▸ **EXERCISE**:
Omit all pictures. Copy exactly the lines from the line containing "Με υπερηφάνεια και" to the end of the listing, with both ends included.

▸ **AVAILABLE DATA**:

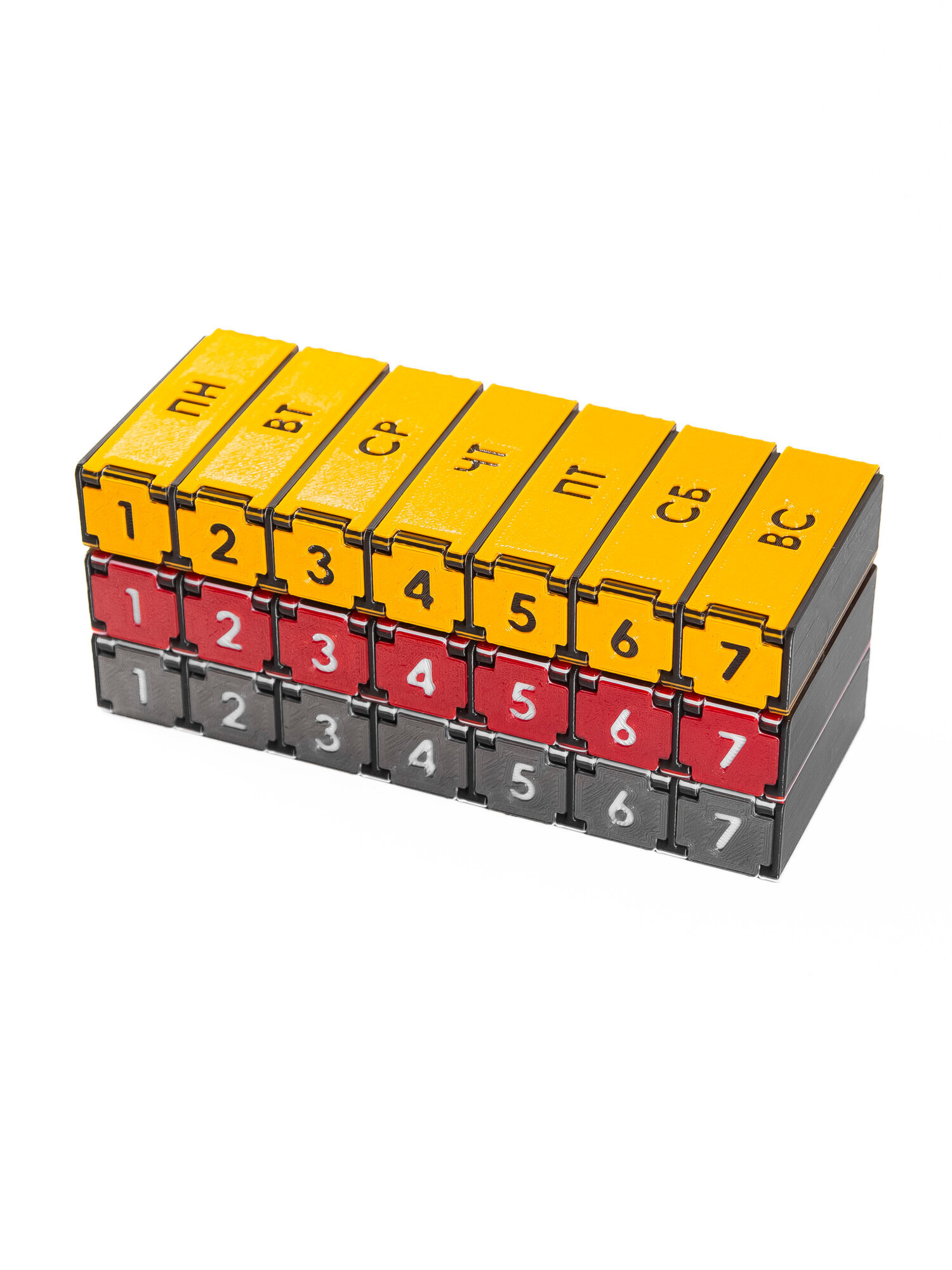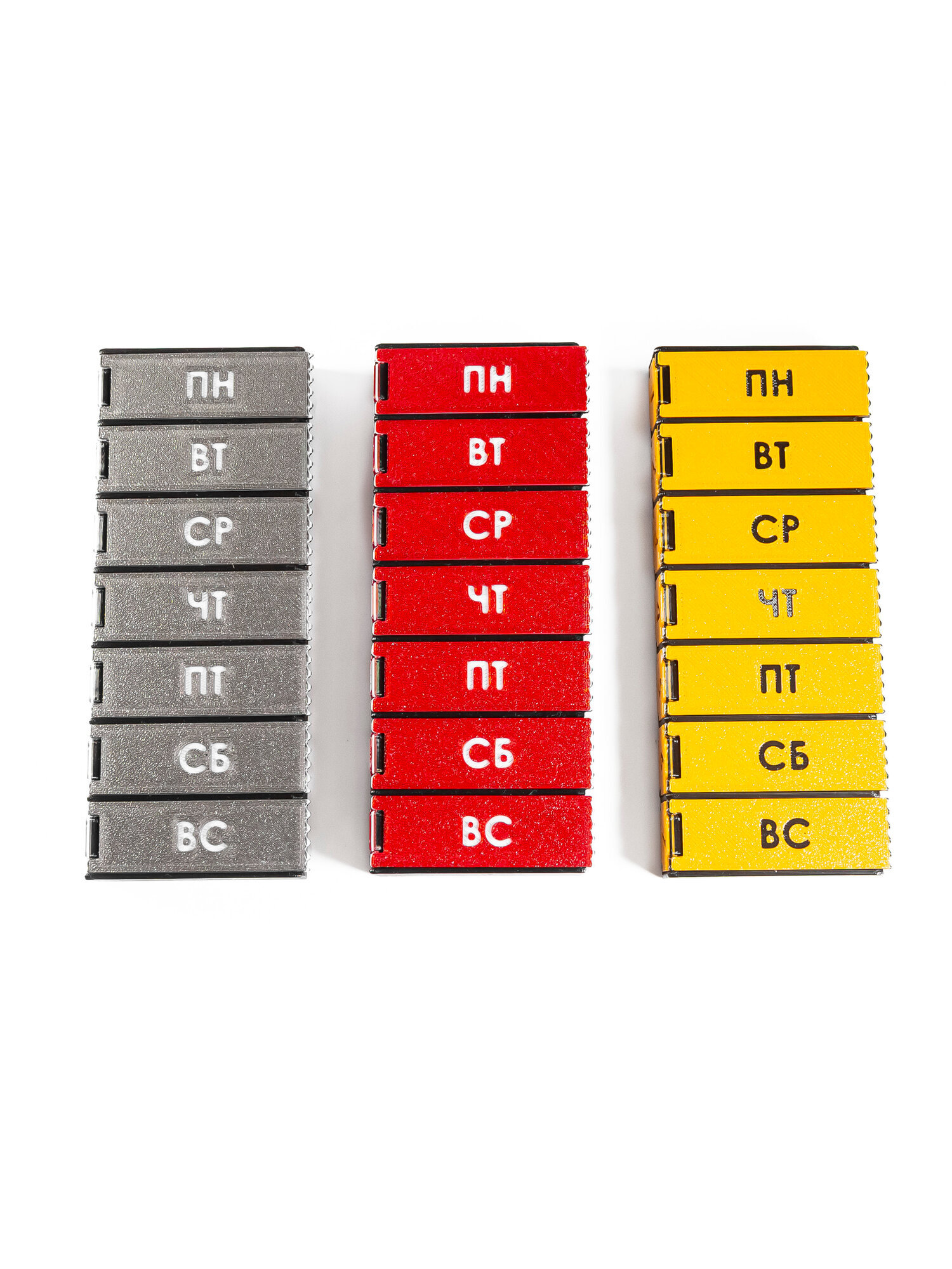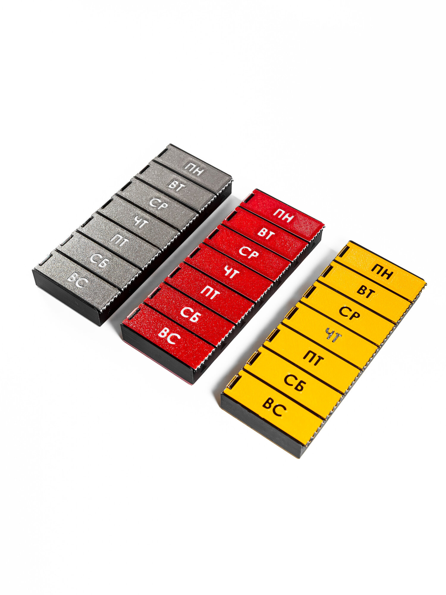 Набор 3 шт., таблетницы на 7 дней, на русском языке, 3D печать, красная, серая, оранжевая
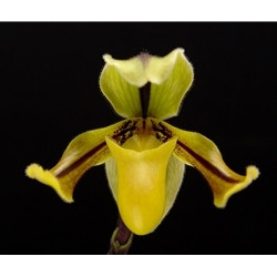Flowering-size single-growths of this now hard-to-find species. Fantastic plants tolerant of a lot of light and warm conditions. Beautiful glossy yellow flowers with a brown mid-vein in the petals and dorsal sepal. Long-lasting 1.5 to 2-inch flowers. Usually late summer to fall blooming.
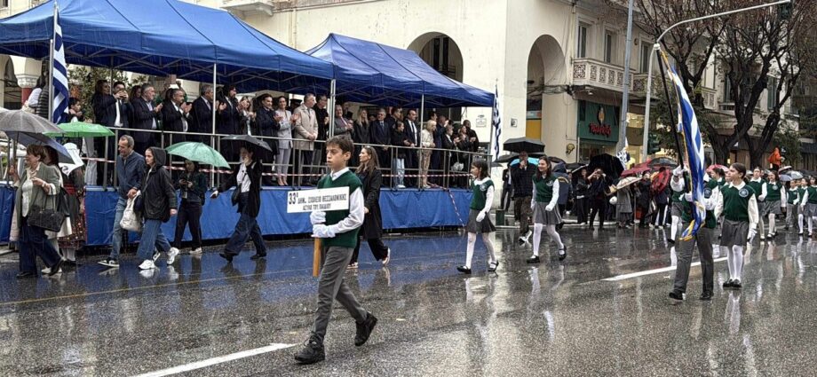 Με υπερηφάνεια και καμάρι, παρά την καταρρακτώδη βροχή, παρήλασαν σήμερα μαθήτριες και μαθητές των σχολείων της Θεσσαλονίκης για τον εορτασμό της 28ης Οκτωβρίου.
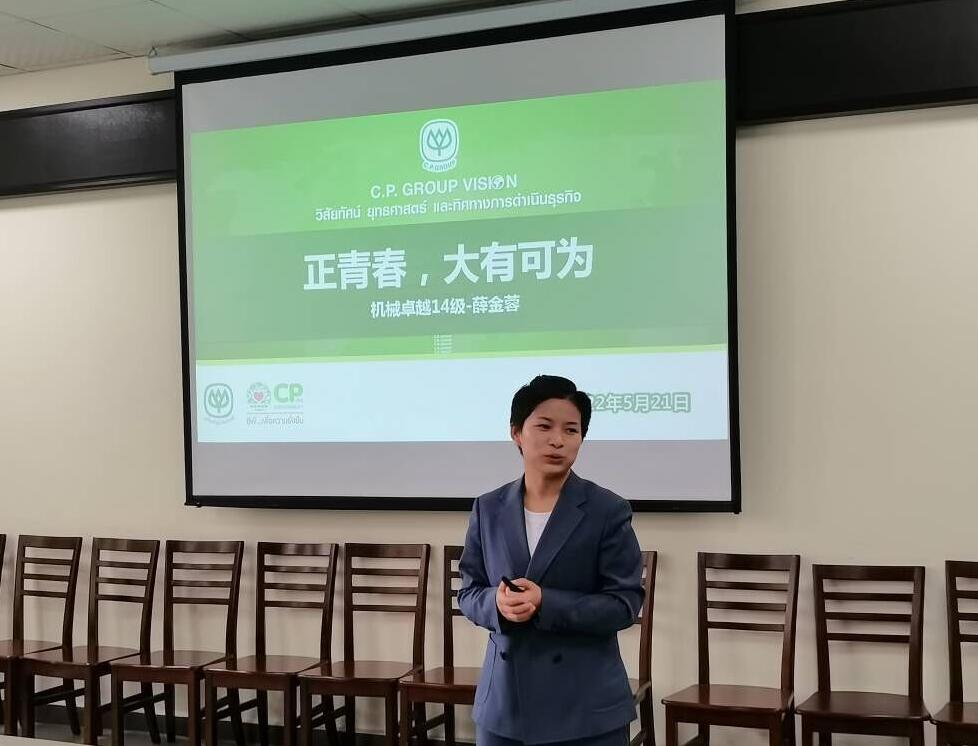 薛金蓉以《正青春,大有可为》为主题,讲述自己的大学经历和工作体验。长青传媒负责人、青马班学员、创业故事、“正大杯”冠军经历、出国游学……每一段时光都是薛金蓉成长的见证、奋斗的写实。薛金蓉说,作为青年,一定要珍惜大学时代难得的时光,一定要科学规划自己的学习生活,这是迈向成功的基石。作为职场人士,她分享自己职场经历和工作中领悟到的人生哲理,勉励学弟学妹们:只要自己足够努力,无论在哪个行业都能成功。

▸ **PROBLEM SOLUTION**:
 Με υπερηφάνεια και καμάρι, παρά την καταρρακτώδη βροχή, παρήλασαν σήμερα μαθήτριες και μαθητές των σχολείων της Θεσσαλονίκης για τον εορτασμό της 28ης Οκτωβρίου.
 薛金蓉以《正青春,大有可为》为主题,讲述自己的大学经历和工作体验。长青传媒负责人、青马班学员、创业故事、“正大杯”冠军经历、出国游学……每一段时光都是薛金蓉成长的见证、奋斗的写实。薛金蓉说,作为青年,一定要珍惜大学时代难得的时光,一定要科学规划自己的学习生活,这是迈向成功的基石。作为职场人士,她分享自己职场经历和工作中领悟到的人生哲理,勉励学弟学妹们:只要自己足够努力,无论在哪个行业都能成功。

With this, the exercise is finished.